Jacques Saoutchik – Maître Carrossier
by Peter M. Larsen & Ben Erickson
Over 1100 pages (or about 15 pounds if that sounds more impressive) . . . on a subject you probably never heard of. Do you need this book? Sure you do, especially if you are a bibliophile or have a thing for French coachwork.
This set of books is so outside of what is “normal” in publishing that writing only a short review seems entirely inadequate. Even after having actually read the whole thing it is not really possible to offer a bird’s eye perspective of a book (we’ll stay with the singular form even if it’s a 3-volme set) that is all about nano detail.
For the sake of context let’s first of all establish that this publisher, Dalton Watson Fine Books, started this particular treatment—multi volume, super premium presentation, slipcased, in a custom carrying box—two books ago, first with the Talbot (by the same authors) and then the Cunningham set. This latest offering takes that up a notch by sporting a metal replica of the coachbuilder’s plate on the slipcase.
In the abstract, $500 is not chump change but considering the authors’ time, the small print run of 500, and the supremely impressive production the book is a terrific value. It would be desirable even if it had flaws, in the same way a supercar is desirable even if it is imperfect. But, unlike a car, a book like this cannot be measured against an absolute parameter because, at the level of micro analysis the authors present, only they now possess the deepest, most comprehensive grasp of the subject. Other experts—many of whom consulted on this book—may have their individual slices of knowledge but here it comes together as a totality too vast for any one individual to second-guess. There is nothing to compare the book to and it is inconceivable that there is enough untrodden ground left to require another shot. On the subject of cabinetmaker cum carossier Jacques Saoutchik, this book is The Book.
Russian-born Iakov Savtchuk (1880) switched to coachbuilding in 1906 and earned a reputation for quality work and often wildly extravagant designs in the French idiom. French coachwork looks like nothing else, even today and most definitely in the Golden Era of custom coachwork. On the big-picture level, the book records every body built by Saoutchik 1907–1954, with chassis numbers where known. On the micro detail level, the book records seemingly every breath Saoutchik ever took and every thought he ever had.
Volume I (The Life of a Jeweler in Steel) covers the personal side of the story, using many private pictures never before seen in print. On the purely human level, this would be a story worth telling even without the cars—not least because the man had, at the same time, two separate families! Vol. II (The Language of Design) moves into the technical realm, featuring many coachwork drawings and design analyses. It also includes an essay by American restorer David Cooper about the restoration of a 1947 Saoutchik Delahaye 135. Vol. III (Heavenly Bodies) is a treasure trove of some 800 photos old and new, many not published before.
Larsen is mindful that today’s world is running on 140-character tweets—a harsh place into which to send a book that’ll take months to read and years to internalize. He is the first to raise the question: does the book have to be this long? And he himself offers a condensed version, all of 31 words long: “There once was a Russian carpenter who went to Paris. There he spent about 50 years building some fantastic cars. Then his company went bankrupt and he died. End of story.” But Larsen is not only a gearhead, he is a Fulbright scholar and holds a Ph.D. in English literature and semiotics. Words are his thing, he cherishes them, and he unabashedly raises “digression” to an artform. Co-author Erickson too holds a Masters in linguistics but here attends mostly to the data wrangling end. So, readers who can’t be bothered to read will just have to skip the words . . . it’ll be their loss, and even the more than 1900 illustration cannot substitute for them.

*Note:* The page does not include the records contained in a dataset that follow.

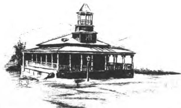
Шабдан баатырдын мечити. Чоң Кемин өрөөнү.

Бул мезгилде калктын саламаттыгын сактоо тармагында да жанылыктар башталган. Адегенде орус аскерлери үчүн лазареттер, кийинчерээк – жөнөкөй адамдар үчүн фельдшердик жай-
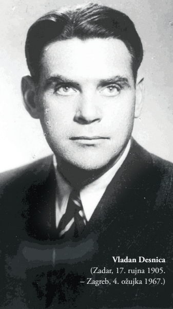
Vladan Desnica (Zadar, 17. rujna 1905. – Zagreb, 4. ožujka 1967.)
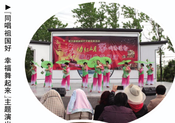
同唱祖国好 幸福舞起来 主题演出

推行群众点单、县镇配单、中心派单、团队接单、群众评单闭环服务模式。2020年累计收集群众需求56200多条。按照“一月一主题”要求,截至2020年11月底,开展“好家风好家训好家规和好婆婆好妯娌好邻居”“清明祭英烈”“文明实践·好人同行”等活动1.4万场次。全县发掘培植4968户“文明实践中心户”。
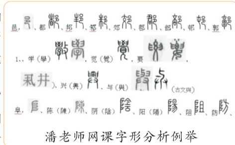
潘老师网课字形分析例举
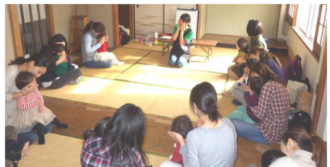
12/10 育児サークルピノッキオ

30分～1時間の出張ひろばですが、実際にサークルに参加された方から「これを機会に支援館に遊びに行ってみようと思う」「家の近くでこのような機会があるとありがたい」という声を頂き、支援館もこの繋がりを大切にしていきたいと感じています。このように地域との連携を図りながら、これからも子どもが健やかに育ち、子育ての喜びが共感できるような支援を目指していきたいと思っています。
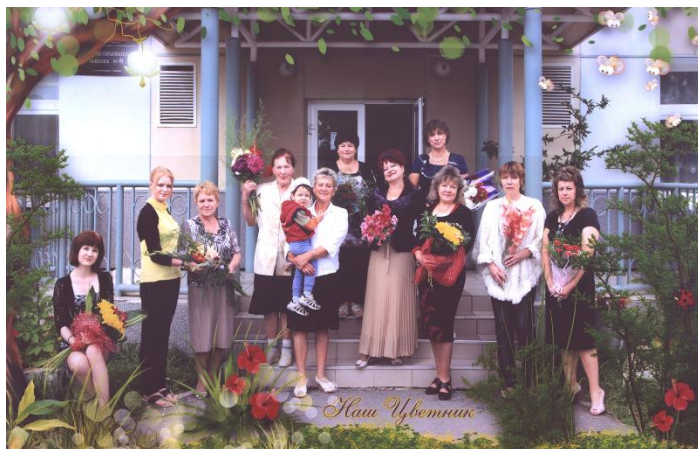
Педагоги МБОУ ОШ № 8

Учитель: Благодарю всех участников нашего «Часа истории» за активность и преданность нашей школе! Приглашаю всех на чаепитие!
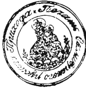
м. Самбір, Самбірський д-т 1875 р.
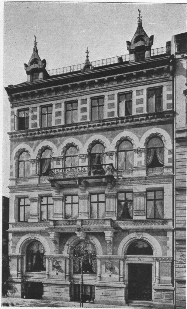
Abb. 955. Haus Steinhauerdamm Nr. 2. Architekt R. Bichweiler. 1879.

Das Jahr 1862 ist insofern als ein Abschnitt in der Baugeschichte Hamburgs zu bezeichnen, als mit dem Fallen der Torsperrre eine wachsende Bautätigkeit einsetzte und viele wohlhabende Bürger Hamburgs ihre bisherige Wohnung in der Stadt verließen, um sich vor den Toren anzusiedeln. Nun wurde manches Einzelhaus frei und der Platz für ein Etagenhaus ausgenutzt, manches alte Kaufmannshaus wurde zu mehreren Wohnungen umgebaut.
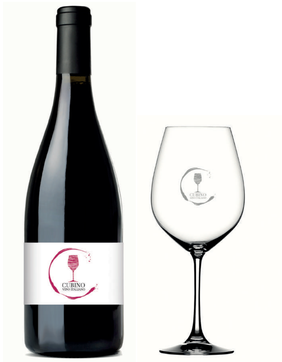
Bottiglia con calice
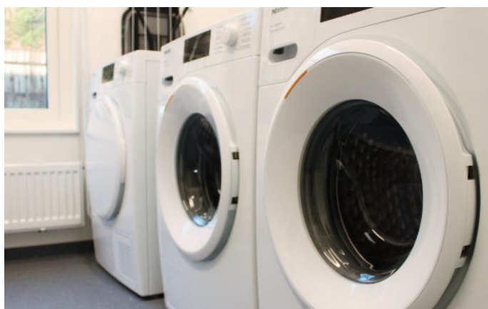
I tvättstugan kan de boende få stöd av personal samt ta del av det bildstöd som finns framtaget för sortering av tvätt.
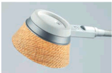
Abat-jour à motifs
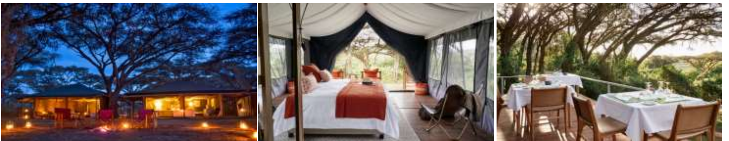
พักรับประทานอาหารค่ำ ณ ห้องอาหารของที่พักรับประทานอาหารค่ำ พักรับประทานอาหารค่ำ ณ ห้องอาหารของที่พักรับประทานอาหารค่ำ หรือเทียบเท่า (คืนที่2)
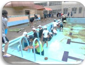
↑ プールサイドを磨く 5 年生と中を磨く 6 年生

さて、プール開きの会で、私は、子どもたちに次のような話をしました。まずは、6月2日(金)にプール掃除をしてくれた5年生、6年生の様子を写真で伝え、4年生までの児童とともに「ありがとうございました」と言葉掛けをし、感謝の気持ちを表現しました。そして、6月3日(土)「おやじの会」の皆さんが仕上げ掃除をしてくれたことを伝えました。「おやじの会」の皆様、暑い中、仕上げ磨きをしていただきありがとうございました。
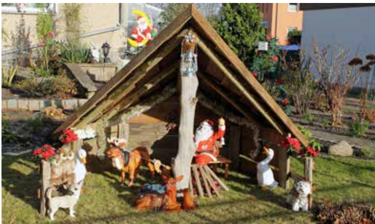
Ein neuer Hingucker auf dem Grundstück der Familie Schimming.

It should be noted that the authors were able to make contact with Jacques Saoutchik’s daughter Jacquemine and her family and that this has yielded insights and actual materials that have further elevated this book.
This book is as much a celebration of a Master Coachbuilder as it is of bookmaking, and of scholarship.
Won the award “2014 Publication of the Year” (sponsored by Hortons Books) at the International Historic Motoring and a Grand Prize for “Most Beautiful book of the Year, 2014″ by the Festival Automobile International organization.
Also available in a limited edition of 20, signed, hand-bound in full leather with hand-marbled endpapers, with custom-made slipcase and protective Solander box (ISBN 978-1-85443-270-4; $1950).
Copyright 2014, Sabu Advani (speedreaders.info).
At the “Plus Beau Livre de l’Année, 2014” award ceremony it was all about new cars. We were seated at round tables among the wild prototypes. At our table were people from two French transportation design schools where two talented young designers had won prizes. Not one person had ever heard of Saoutchik, Talbot-Lago, Figoni or Delahaye – never mind Hispano-Suiza, Delage or Voisin. Astonishing and a bit sad as there was no conception of the fantastic legacy the French have!